*Instructions to follow*:
Up to and including the line that holds "2025年全年,公司研发投入", print the data exactly from its first line; do not print the pictures.

*Dataset extract*:
════
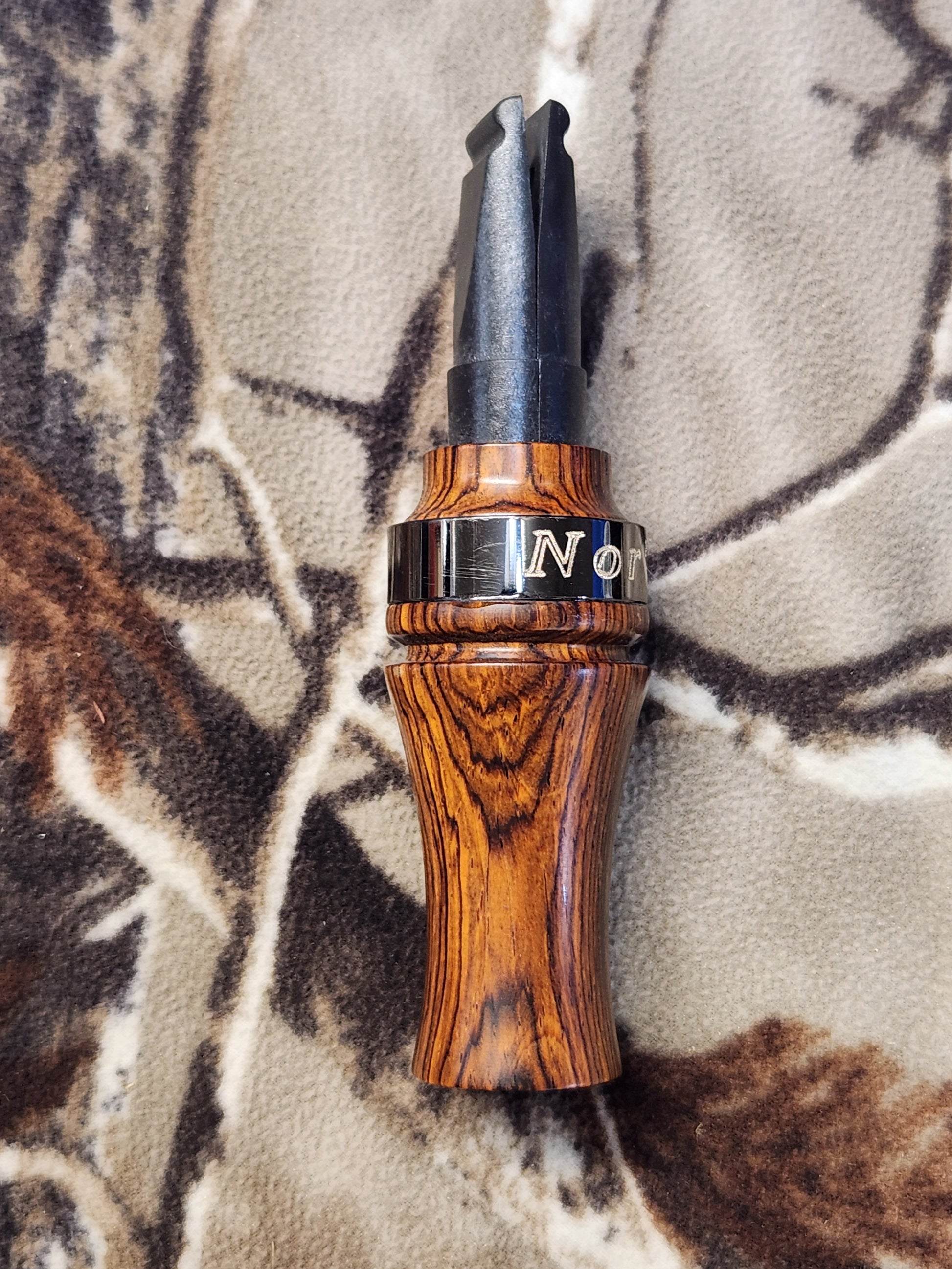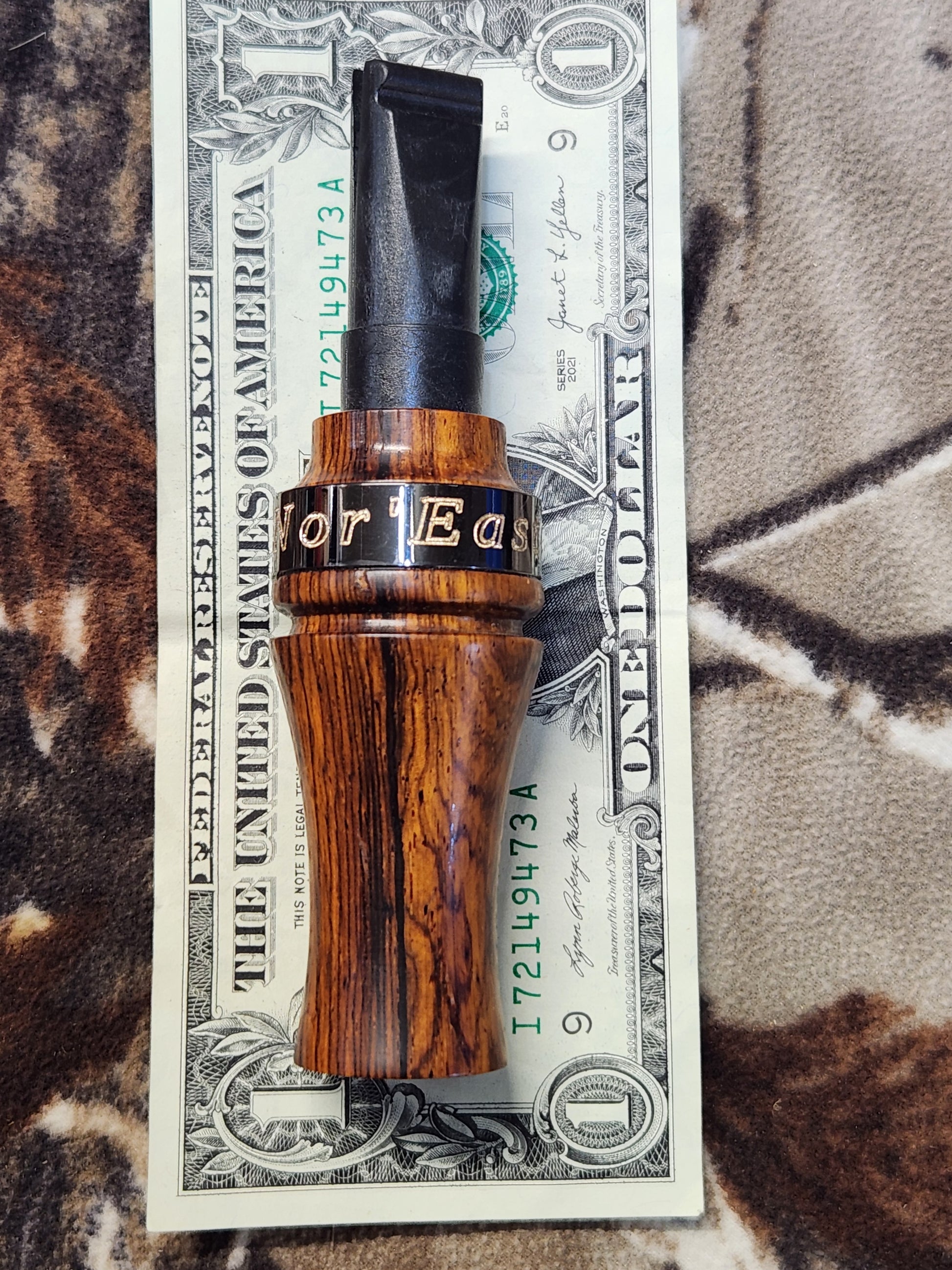 This is a custom crow call made from cocobolo wood. The custom tone boards are made here in the shop and the reeds are hand cut and then the call is tested and adjusted for tone, very easy to use for the beginner or seasoned caller. Call will come with a free lanyard, storage pouch and nor'easter sticker,
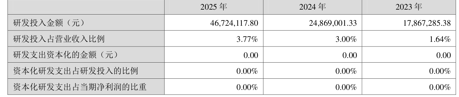 2025年全年,公司研发投入金额为4672.41万元,同比增长87.88%;研发投入占营业收入比例为3.77%,相比上年同期上升0.77个百分点。此外,公司全年研发投入资本化率为0%。
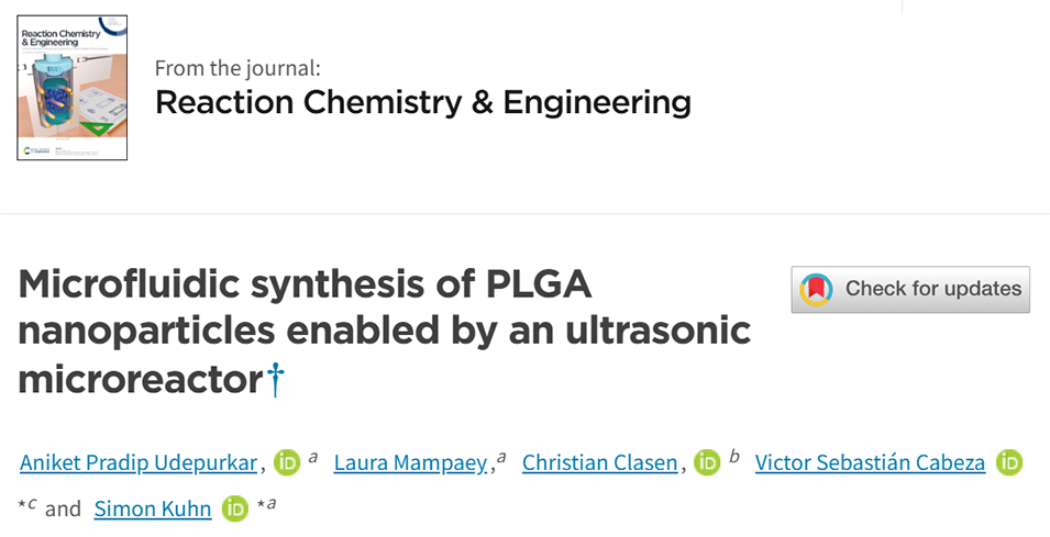 近期,有研究人员提出了一种基于超声微反应器的乳液-溶剂蒸发技术,用于高效合成单分散PLGA纳米颗粒(PDI < 0.3,粒径115–150 nm),并成功实现了疏水性染料Nile Red的包封与三相释放,展示了其在生物医学领域的广泛应用潜力。相关研究以“Microfluidic synthesis of PLGA nanoparticles enabled by an ultrasonic microreactor”为题目发表于期刊《Reaction Chemistry & Engineering》。
════
*Your solution*:
 This is a custom crow call made from cocobolo wood. The custom tone boards are made here in the shop and the reeds are hand cut and then the call is tested and adjusted for tone, very easy to use for the beginner or seasoned caller. Call will come with a free lanyard, storage pouch and nor'easter sticker,
 2025年全年,公司研发投入金额为4672.41万元,同比增长87.88%;研发投入占营业收入比例为3.77%,相比上年同期上升0.77个百分点。此外,公司全年研发投入资本化率为0%。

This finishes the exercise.